**GOAL OF THE EXERCISE**
When you reach the line below that has "成立大会上,校团委许科老师为", start returning lines exactly, and stop after the line that has "裏地を付けず1枚仕立ての軽い"; skip the pictures.

**DATA**
------------------------
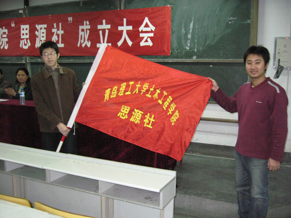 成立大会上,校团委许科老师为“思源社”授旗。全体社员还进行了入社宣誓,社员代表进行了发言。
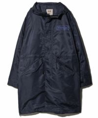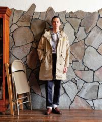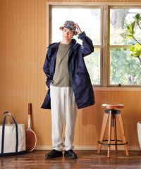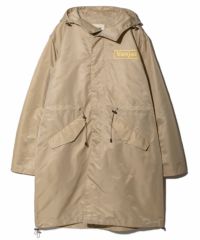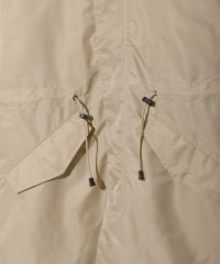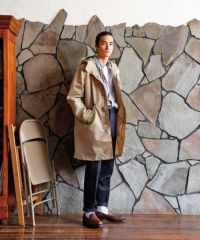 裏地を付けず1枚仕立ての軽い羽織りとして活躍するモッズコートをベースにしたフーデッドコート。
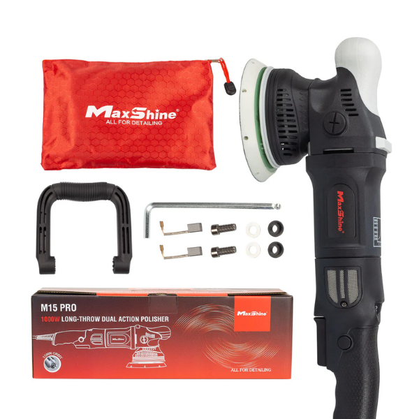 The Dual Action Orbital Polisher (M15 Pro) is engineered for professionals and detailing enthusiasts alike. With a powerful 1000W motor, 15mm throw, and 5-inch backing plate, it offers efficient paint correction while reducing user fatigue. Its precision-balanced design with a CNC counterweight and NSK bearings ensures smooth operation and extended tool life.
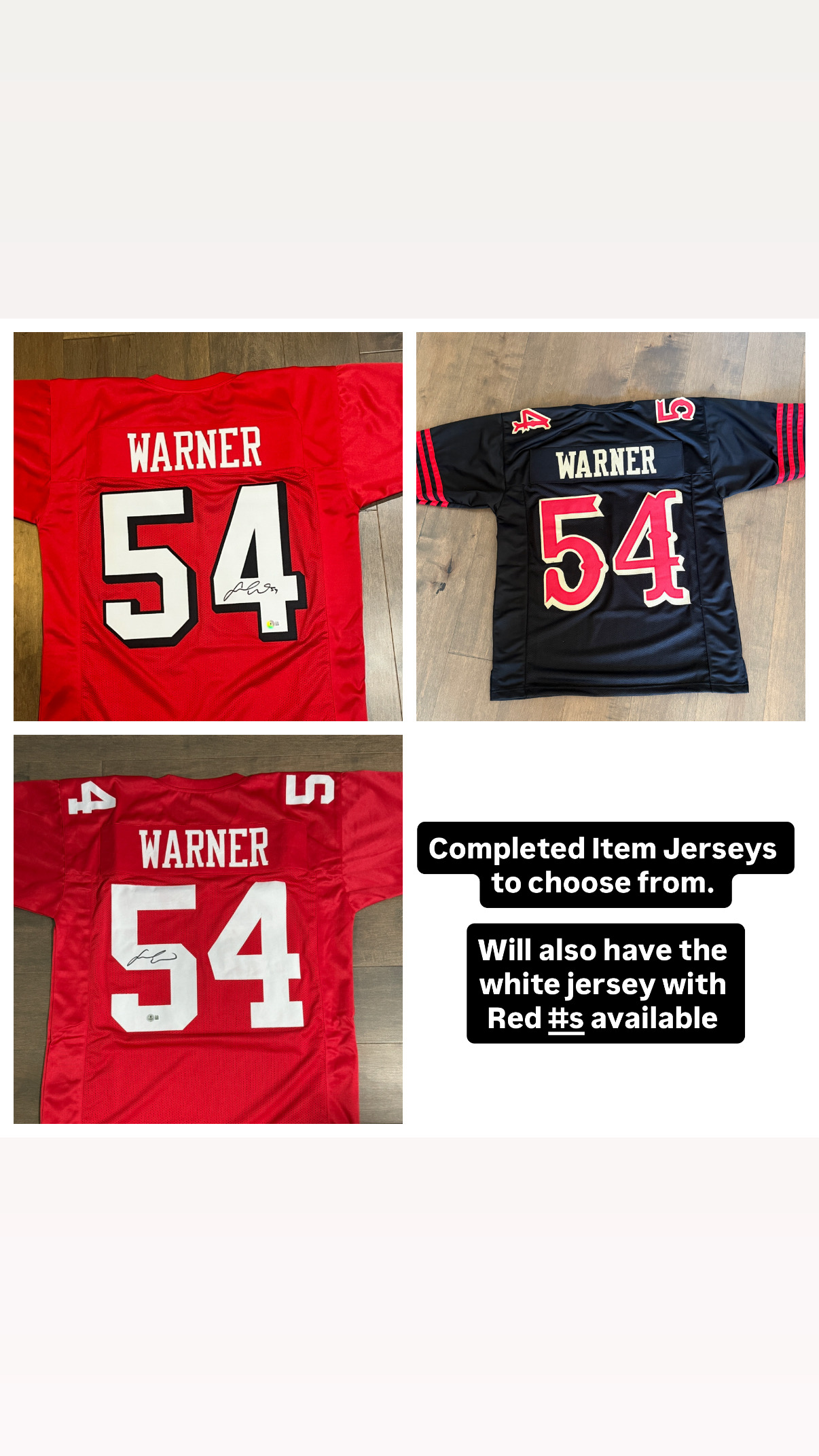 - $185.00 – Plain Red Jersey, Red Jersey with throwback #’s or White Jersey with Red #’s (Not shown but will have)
------------------------
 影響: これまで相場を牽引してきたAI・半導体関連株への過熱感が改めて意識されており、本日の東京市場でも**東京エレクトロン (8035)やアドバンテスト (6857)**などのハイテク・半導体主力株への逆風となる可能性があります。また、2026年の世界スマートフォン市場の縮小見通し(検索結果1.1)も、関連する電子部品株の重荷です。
------------------------
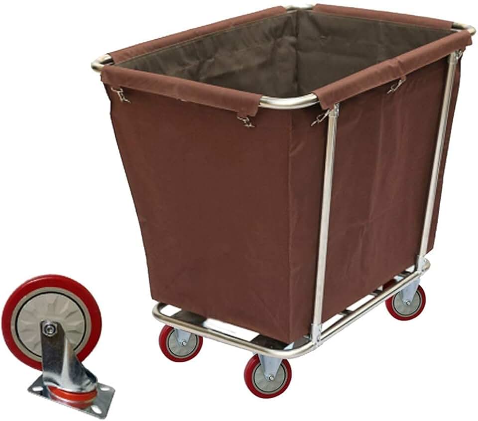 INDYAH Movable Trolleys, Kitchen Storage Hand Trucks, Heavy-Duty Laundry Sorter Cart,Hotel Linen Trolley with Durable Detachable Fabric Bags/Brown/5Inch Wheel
------------------------
**WRITTEN SOLUTION**
 成立大会上,校团委许科老师为“思源社”授旗。全体社员还进行了入社宣誓,社员代表进行了发言。
 裏地を付けず1枚仕立ての軽い羽織りとして活躍するモッズコートをベースにしたフーデッドコート。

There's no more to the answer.